Create a new C++ file merge_sort.cpp. Initialize array: int arr[] = {38, 27, 43, 3, 9, 82, 10};

Step 2: Write the Merge Function

Create function merge(arr, left, mid, right) that merges two sorted halves. Use two temporary arrays L[] and R[]. Compare elements one by one.

Step 3: Write the Recursive mergeSort

Base case: if left >= right, return. Find mid = (left + right) / 2. Recurse on both halves. Call merge.

Step 4: Add Print Statements

After each merge call, print the current state of the array. You should see progressive sorting.

Step 5: Verify Output

After merge: [27, 38, 43, 3, 9, 82, 10] After merge: [27, 38, 3, 43, 9, 82, 10] After merge: [3, 27, 38, 43, 9, 82, 10] After merge: [3, 27, 38, 43, 9, 82, 10] After merge: [3, 27, 38, 43, 9, 10, 82] After merge: [3, 9, 10, 27, 38, 43, 82]

Step 6: Test Edge Cases

Test with: already sorted [1,2,3,4,5], reverse sorted [5,4,3,2,1], all same [7,7,7,7], single element [42].

🟡 Tier 2 — SEMI-GUIDED: Quick Sort with Random Pivot

⏱️ 60–90 minutesIntermediateHints provided, you fill the gaps

Your Mission:

Implement Quick Sort with randomized pivot selection. Test on 5 different arrays and count comparisons for each.

Hints:

Use rand() % (high - low + 1) + low to pick random pivot index
Swap random element with last element, then use Lomuto partition
Add a global counter int comparisons = 0; and increment it every time you compare two elements in partition
Test arrays: {1,2,3,4,5} (sorted), {5,4,3,2,1} (reverse), {3,3,3,3,3} (all same), {10,80,30,90,40} (random), {1,5,3,2,4} (random)
Run each test 3 times and note how comparison count varies (because pivot is random)

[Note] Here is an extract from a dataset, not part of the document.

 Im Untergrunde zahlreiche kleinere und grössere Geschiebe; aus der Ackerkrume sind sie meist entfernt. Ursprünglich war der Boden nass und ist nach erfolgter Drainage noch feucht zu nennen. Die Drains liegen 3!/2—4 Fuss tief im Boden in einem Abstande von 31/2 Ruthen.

Stretch Goal: Implement median-of-three pivot selection. Compare the average number of comparisons against random pivot across 10 runs on the same array.

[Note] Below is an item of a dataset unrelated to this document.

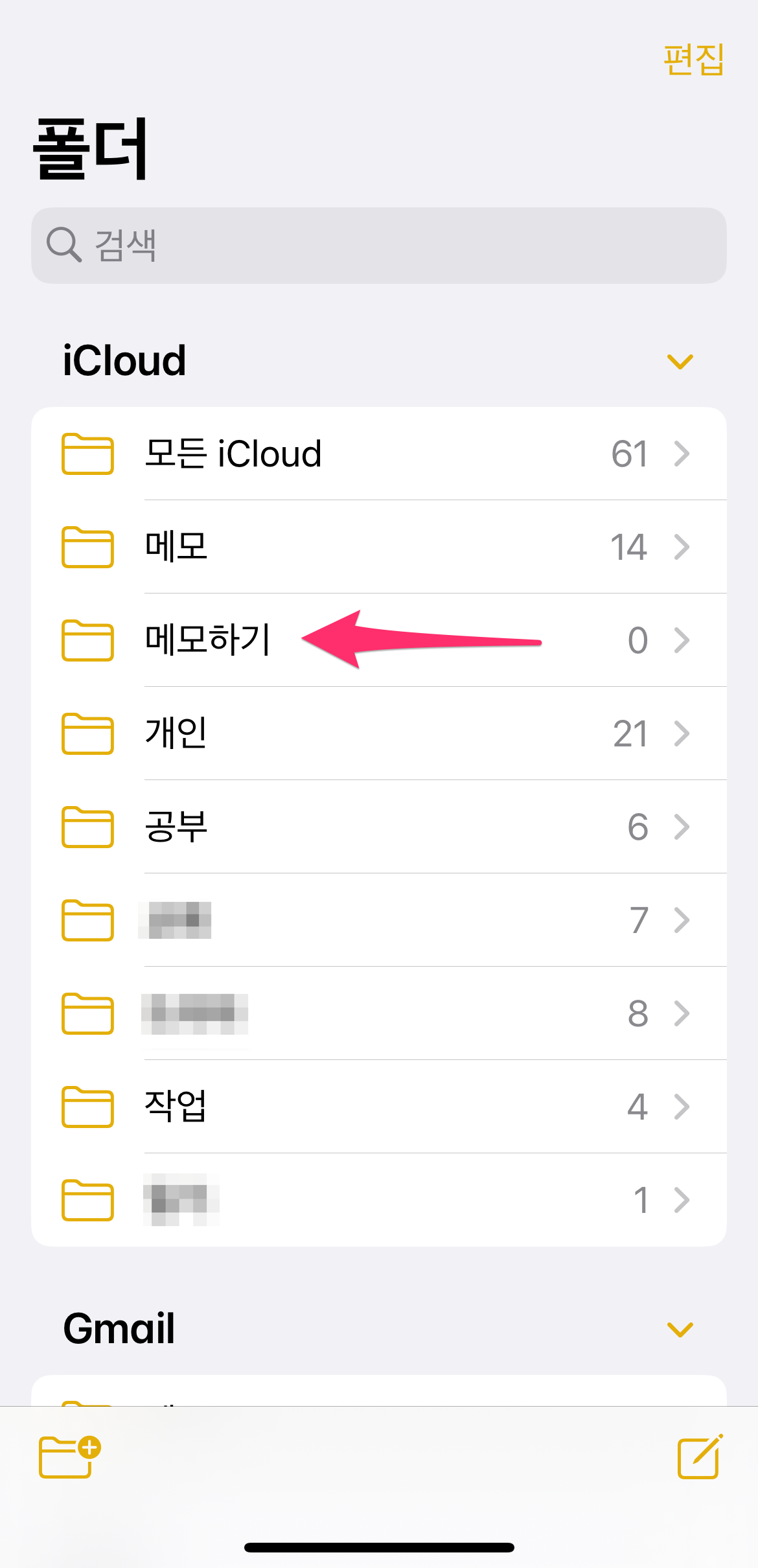 메모앱을 열고 왼쪽 하단에 폴더 생성 아이콘을 선택합니다.

🔴 Tier 3 — OPEN CHALLENGE: Frequency Sort + String Sort Combo

⏱️ 2–3 hoursAdvancedNo hand-holding — real problem solving

The Brief:

Given a list of 20 Indian names, perform the following:

Frequency sort by first letter: Group names by their first letter, sort groups by frequency (most common first letter first)
Within each group: Sort names lexicographically (case-insensitive)
Case-specific sort: For each name, sort the characters while maintaining uppercase/lowercase positions
Solve 2 Codeforces problems: 451B - Sort the Array and 785A - Tom Riddle's Diary

Completing this tier gives you a portfolio-worthy project. "Sorting Algorithm Suite with Custom Comparators" — add it to your GitHub and mention it in your resume's Projects section.

Section E

Problem Set — Tracing, Programming & Interview

🔍 Tracing Questions (5)

T1. Trace Merge Sort on [15, 3, 9, 8, 5, 2, 7, 1]

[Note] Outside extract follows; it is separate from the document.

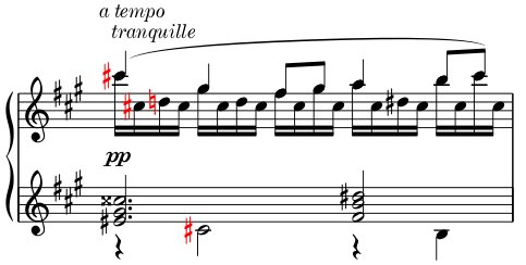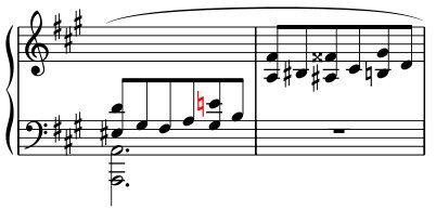 1) Beginnen wir mit einem ,klassischen‘ Fall: Der alterierte Ton fis¹ kehrt in einer anderen Stimme (hier sogar von anderer Hand ausgeführt) wieder, entnommen der Neuedition zu: Gabriel Fauré, Violinsonate Nr. 1 A-dur op. 13, Satz II, Takt 4 (HN 980).

Show the complete recursion tree with every split and merge step. Write the array state after each merge operation.

Expected final output: [1, 2, 3, 5, 7, 8, 9, 15]

T2. Trace Quick Sort (Lomuto) on [10, 7, 8, 9, 1, 5] — Pivot = last element

Show each partition step: the pivot, the value of i after each comparison, and the array state after partitioning. Then show recursive calls.

T3. Trace Counting Sort on [1, 4, 1, 2, 7, 5, 2]

Show: (1) count array after counting, (2) count array after prefix sums, (3) output array built right-to-left step by step.

T4. How many comparisons does Merge Sort make on [5, 3, 1, 4, 2]?

Count every comparison in every merge step. Draw the recursion tree and count comparisons at each level.

T5. Show the recursion tree for Quick Sort on [3, 1, 2, 5, 4] with last-element pivot

Draw the full tree showing pivot selection, partition result, left sub-array, and right sub-array at each level.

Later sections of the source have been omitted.